THE INPUT:
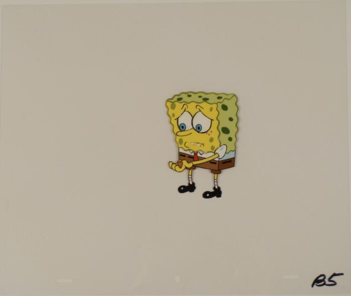 This original animation cel is from the Nickelodeon TV show SpongeBob Squarepants. The story takes place under the deep blue sea in Bikini Bottom, where SpongeBob resides. SpongeBob, who is a yellow, porous sponge, is your typical happy-go-lucky character, as he is always cheerful and enjoys making people laugh. Patrick Star, SpongeBob's neighbor who is a starfish, is your average children's show idiot, as he boasts knowing nothing and is often getting himself into ridiculous situations. Between the homes of these two lies the home of the miserable Squidward, a squid, who is known for being grouchy and playing tricks on SpongeBob and Patrick. Both SpongeBob and Squidward work at the Krusty Krab, a fast food business run by the greedy money-loving Mr. Krabs, a crab, the arch rival of the evil, possibly misunderstood, Plankton. Another neighbor, Sandy Cheeks, an athletic squirrel who normally wears an astronaut's space suit, was introduced in "Tea at the Treedome." She spends most of her time inventing and experimenting. Poor Spongebob, it appears that what he has to offer is no good. Original Production Animated Cel Overall Size of Cel: 10 1/2" x 12 1/2" Very good conditionThis is an original hand-painted cel set-up used in the production of an episode of "SpongeBob SquarePants." Each one-of-a-kind set-up represents a slight change in position of the characters. When individually photographed and projected in rapid succession, the images appear to move.
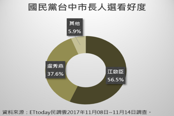 在競爭對手部分,盧秀燕的民調支持度暫時領先江啟臣8%;但在看好度部分,江啟臣則是略高盧秀燕約2%。學經歷部分,有52%民眾認為江啟臣比較符合市民對市長身份的期待,盧秀燕則只有34.51%。在競選對戰(zhàn)支持度部分,江啟臣以46.3%,勝過林佳龍的30.37%,盧秀燕則以46.43%勝過林佳龍的29.71%。
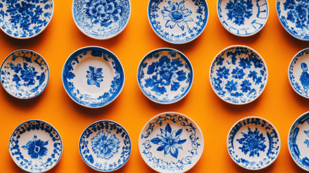 A stunning display of blue and white decorative plates highlights intricate floral patterns against a bright orange background, showcasing aesthetic appeal.
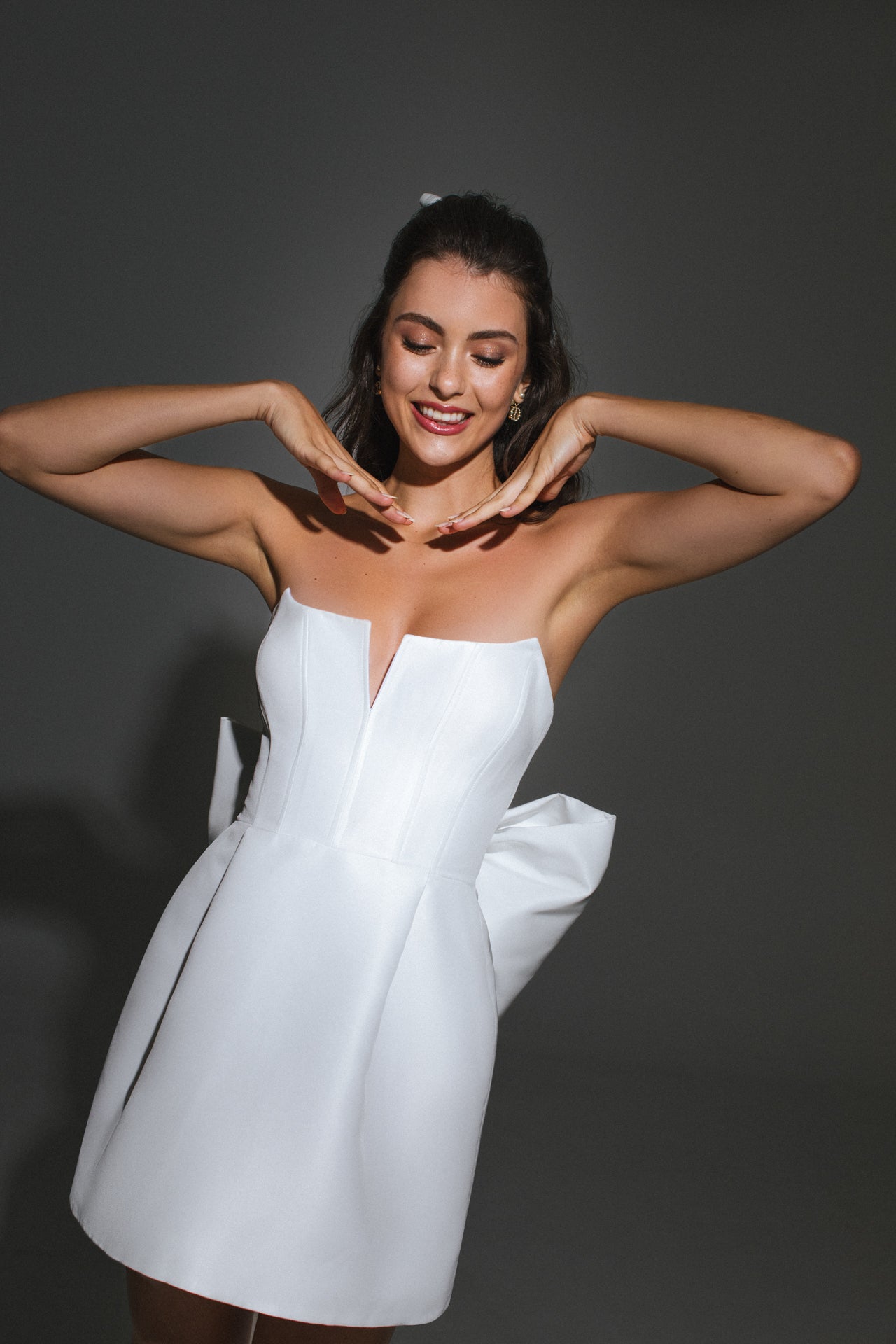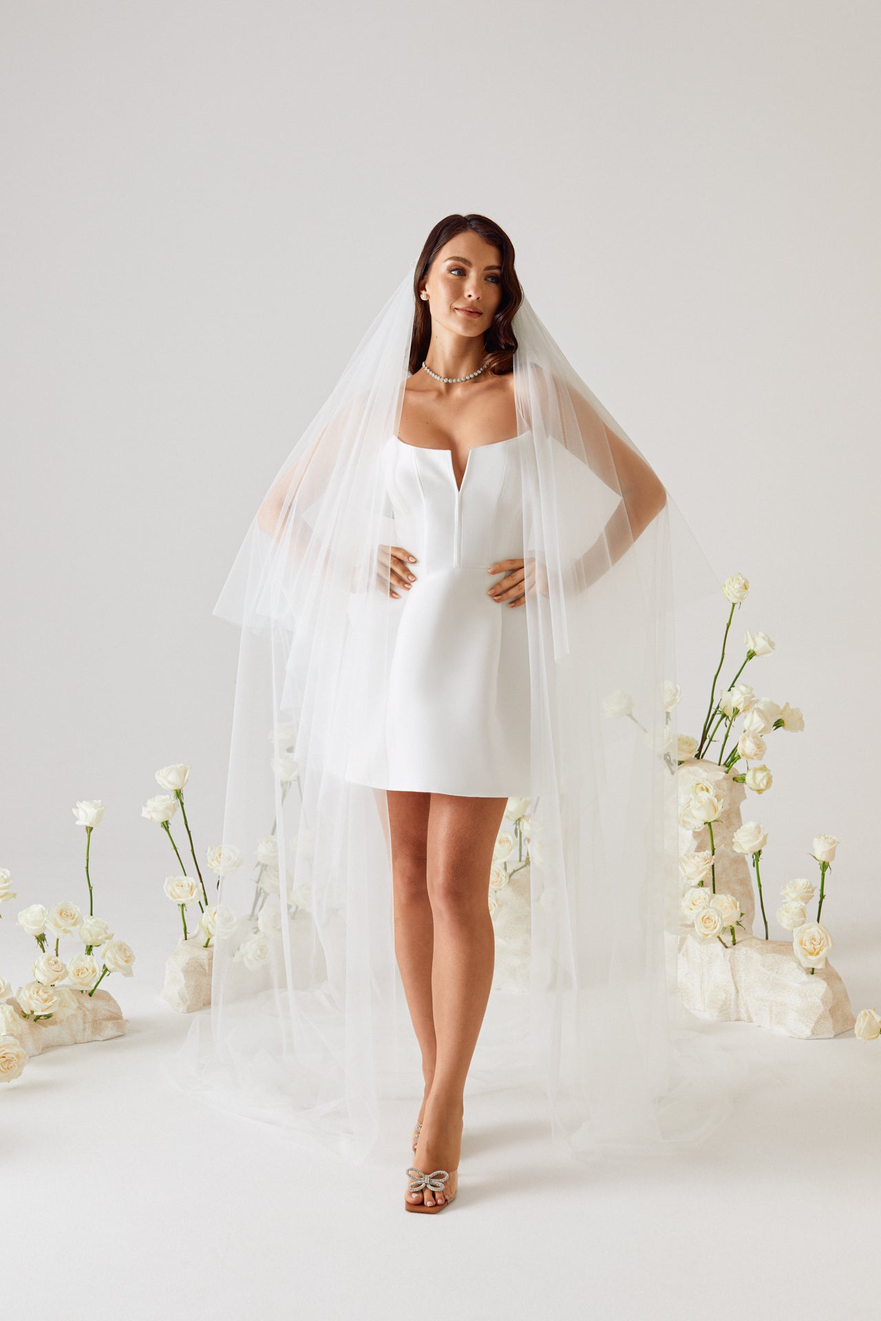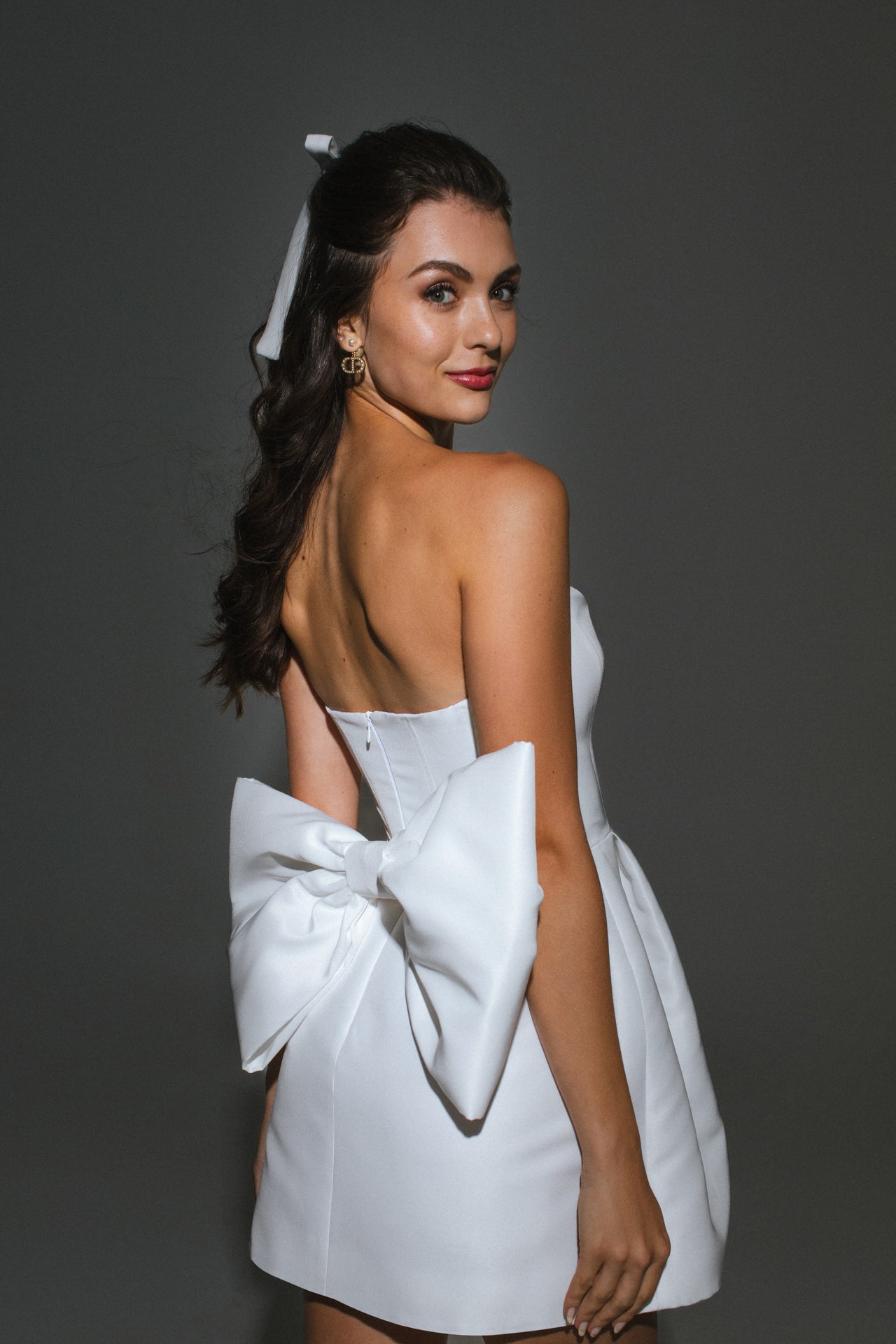 The Camellia mini dress is designed for brides who want to extend the celebration in style. Playful yet sophisticated, it’s the perfect second look — light, modern, and effortless to dance the night away. Crafted with the same couture attention as our gowns, Camellia offers a shorter silhouette that feels fresh without losing bridal elegance. Whether worn for the reception, after-party, or as a surprise change, it’s the ultimate companion to your ceremony dress. Pair it with our signature accessories or a delicate veil for a touch of romance in a modern, fun way.
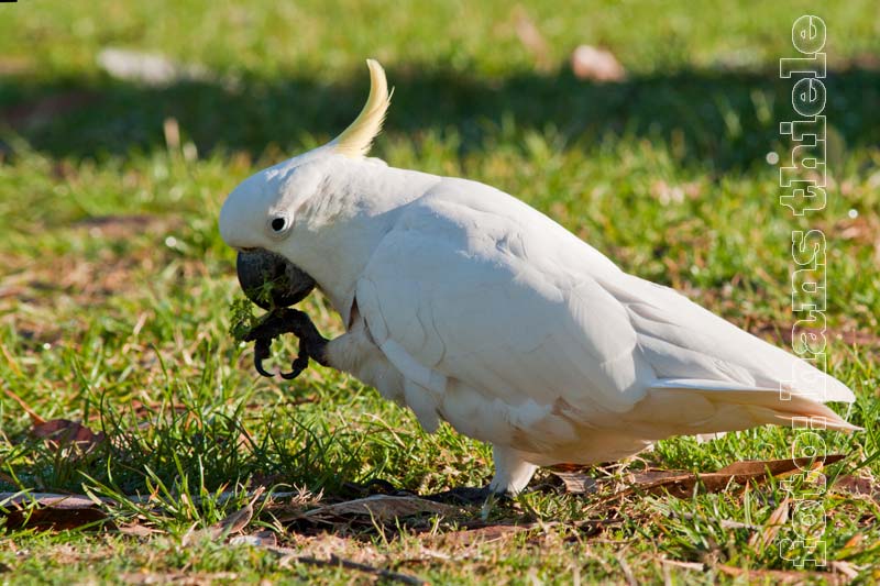 Besonderheiten gibt es auch im Bau des Fußes: von den vier Zehen zeigen die beiden äußeren nach hinten, die beiden inneren nach vorn. Mit dieser Anordnung der Zehen können sie kräftig zupacken und sie auch so wie Hände benutzen, um Gegenstände, z.B. Nahrung, zum Schnabel zu führen. Keine andere Vogelgruppe geht damit so geschickt um wie die Papageien. Genauso wie beim Menschen gibt es auch bei den Kakadus "Links- und Rechtshänder", d.h. eine Gruppe der Individuen benutzt immer den rechten, eine andere immer den linken Fuß zum Greifen von Dingen.
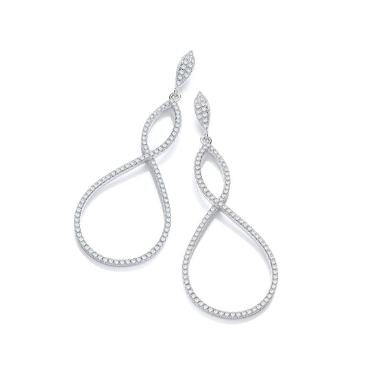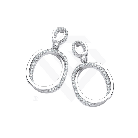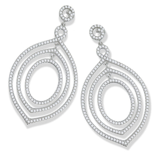 Sterling Silver Micro Pavé Oval Long Drop Cubic Zirconia Earrings

DIRECTIONS FOR THIS TASK:
Reproduce nothing but the lines running from the line with "在競爭對手部分,盧秀燕的民調" through the end of the records, keeping both end lines and dropping the pictures.

EXERCISE SOLUTION:
 在競爭對手部分,盧秀燕的民調支持度暫時領先江啟臣8%;但在看好度部分,江啟臣則是略高盧秀燕約2%。學經歷部分,有52%民眾認為江啟臣比較符合市民對市長身份的期待,盧秀燕則只有34.51%。在競選對戰(zhàn)支持度部分,江啟臣以46.3%,勝過林佳龍的30.37%,盧秀燕則以46.43%勝過林佳龍的29.71%。
 A stunning display of blue and white decorative plates highlights intricate floral patterns against a bright orange background, showcasing aesthetic appeal.
 The Camellia mini dress is designed for brides who want to extend the celebration in style. Playful yet sophisticated, it’s the perfect second look — light, modern, and effortless to dance the night away. Crafted with the same couture attention as our gowns, Camellia offers a shorter silhouette that feels fresh without losing bridal elegance. Whether worn for the reception, after-party, or as a surprise change, it’s the ultimate companion to your ceremony dress. Pair it with our signature accessories or a delicate veil for a touch of romance in a modern, fun way.
 Besonderheiten gibt es auch im Bau des Fußes: von den vier Zehen zeigen die beiden äußeren nach hinten, die beiden inneren nach vorn. Mit dieser Anordnung der Zehen können sie kräftig zupacken und sie auch so wie Hände benutzen, um Gegenstände, z.B. Nahrung, zum Schnabel zu führen. Keine andere Vogelgruppe geht damit so geschickt um wie die Papageien. Genauso wie beim Menschen gibt es auch bei den Kakadus "Links- und Rechtshänder", d.h. eine Gruppe der Individuen benutzt immer den rechten, eine andere immer den linken Fuß zum Greifen von Dingen.
 Sterling Silver Micro Pavé Oval Long Drop Cubic Zirconia Earrings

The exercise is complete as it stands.